The task
All lines below starting at the one that holds "Yes, we use" and ending at the one that holds "Dès le premier" should be printed exactly, ends included. Pictures should not be printed, nor anything else.

Records supplied Start Marker

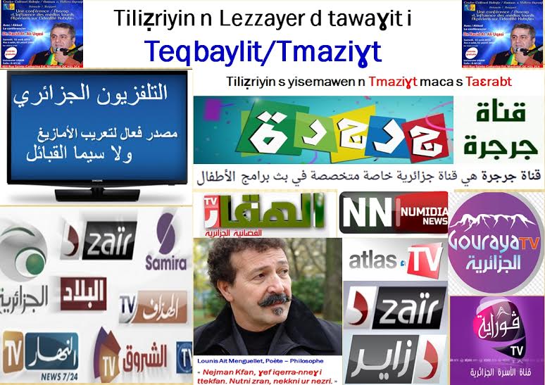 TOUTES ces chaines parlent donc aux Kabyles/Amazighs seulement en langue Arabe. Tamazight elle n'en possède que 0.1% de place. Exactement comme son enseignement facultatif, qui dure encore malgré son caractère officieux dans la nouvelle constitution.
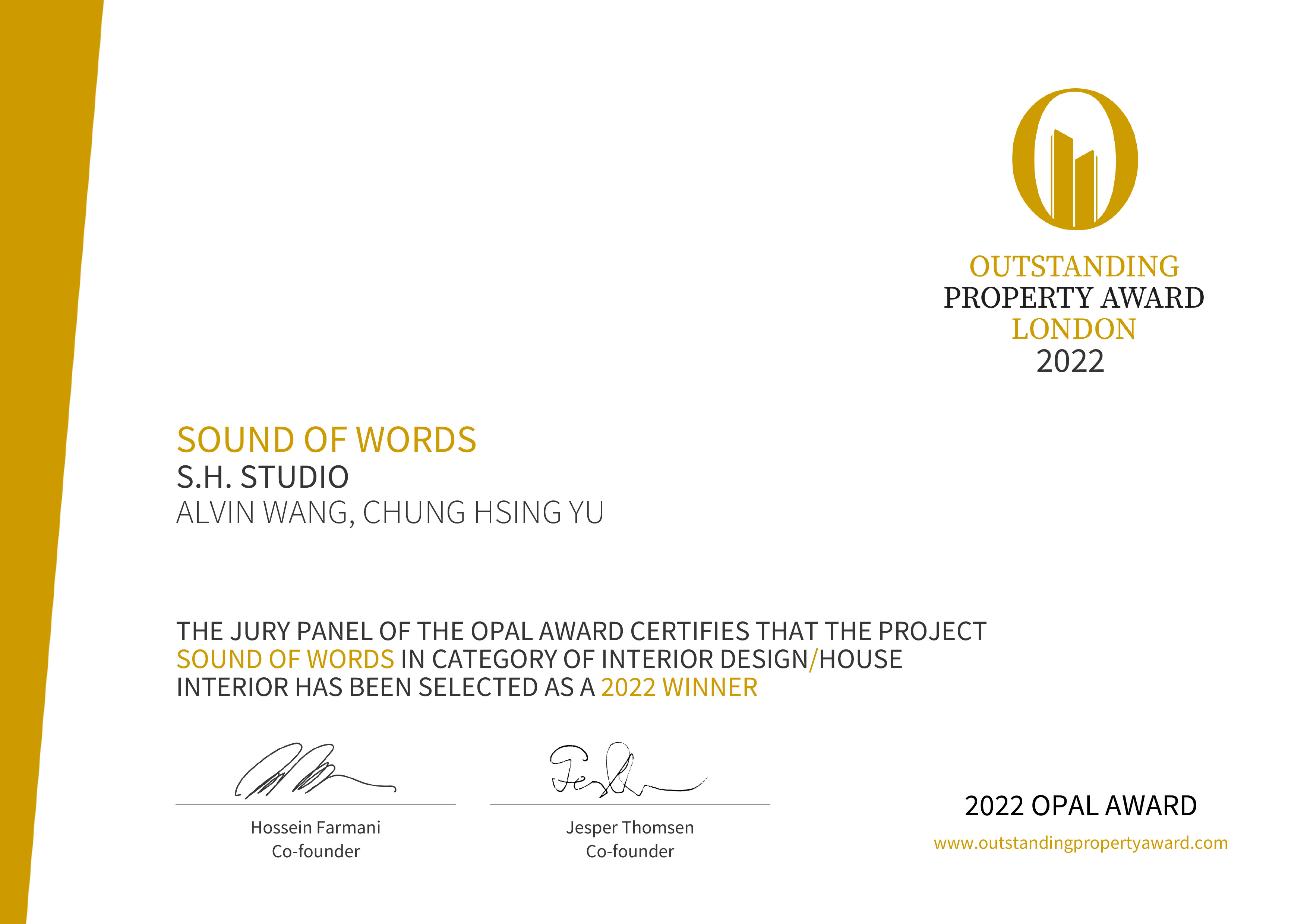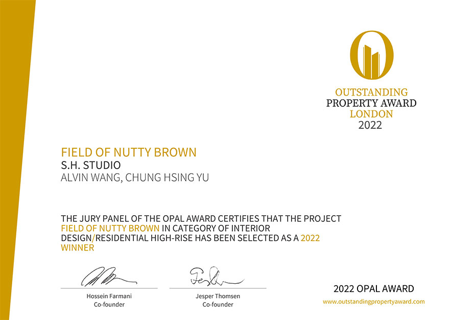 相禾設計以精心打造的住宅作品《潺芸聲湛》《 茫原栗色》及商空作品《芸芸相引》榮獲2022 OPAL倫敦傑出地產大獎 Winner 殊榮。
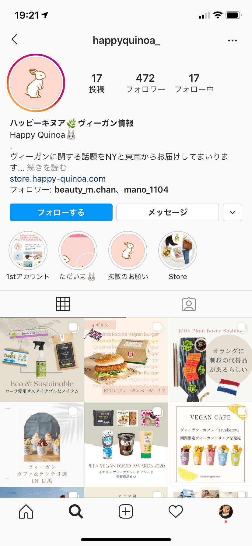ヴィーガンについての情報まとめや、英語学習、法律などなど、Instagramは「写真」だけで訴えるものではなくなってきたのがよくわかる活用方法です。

Records supplied End Marker
Records supplied Start Marker

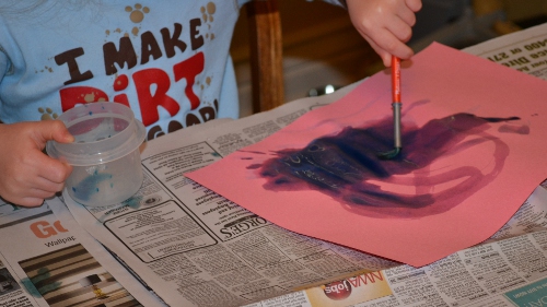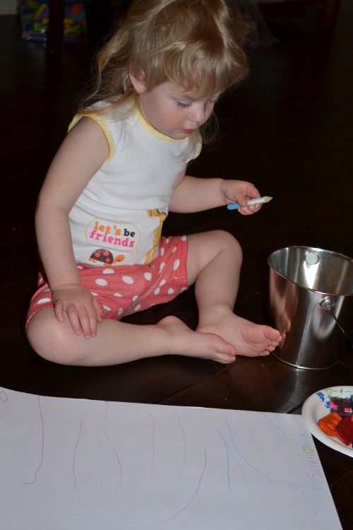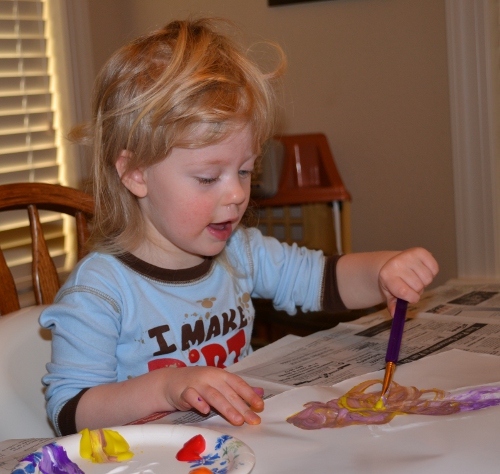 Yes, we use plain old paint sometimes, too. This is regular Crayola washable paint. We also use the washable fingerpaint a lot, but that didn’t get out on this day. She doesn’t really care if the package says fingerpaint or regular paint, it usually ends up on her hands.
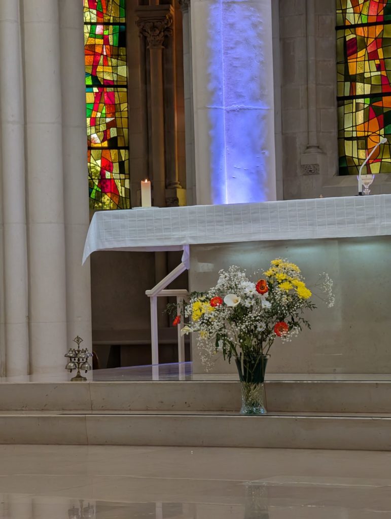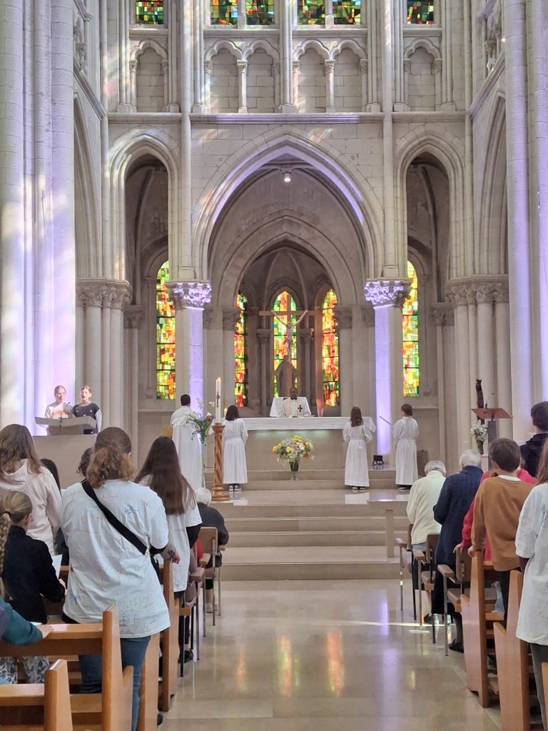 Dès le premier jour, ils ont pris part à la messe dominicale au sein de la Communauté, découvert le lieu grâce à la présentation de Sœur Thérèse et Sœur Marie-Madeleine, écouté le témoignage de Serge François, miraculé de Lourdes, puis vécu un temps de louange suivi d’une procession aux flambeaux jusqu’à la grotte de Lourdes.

Records supplied End Marker

Result of the task
 Yes, we use plain old paint sometimes, too. This is regular Crayola washable paint. We also use the washable fingerpaint a lot, but that didn’t get out on this day. She doesn’t really care if the package says fingerpaint or regular paint, it usually ends up on her hands.
 Dès le premier jour, ils ont pris part à la messe dominicale au sein de la Communauté, découvert le lieu grâce à la présentation de Sœur Thérèse et Sœur Marie-Madeleine, écouté le témoignage de Serge François, miraculé de Lourdes, puis vécu un temps de louange suivi d’une procession aux flambeaux jusqu’à la grotte de Lourdes.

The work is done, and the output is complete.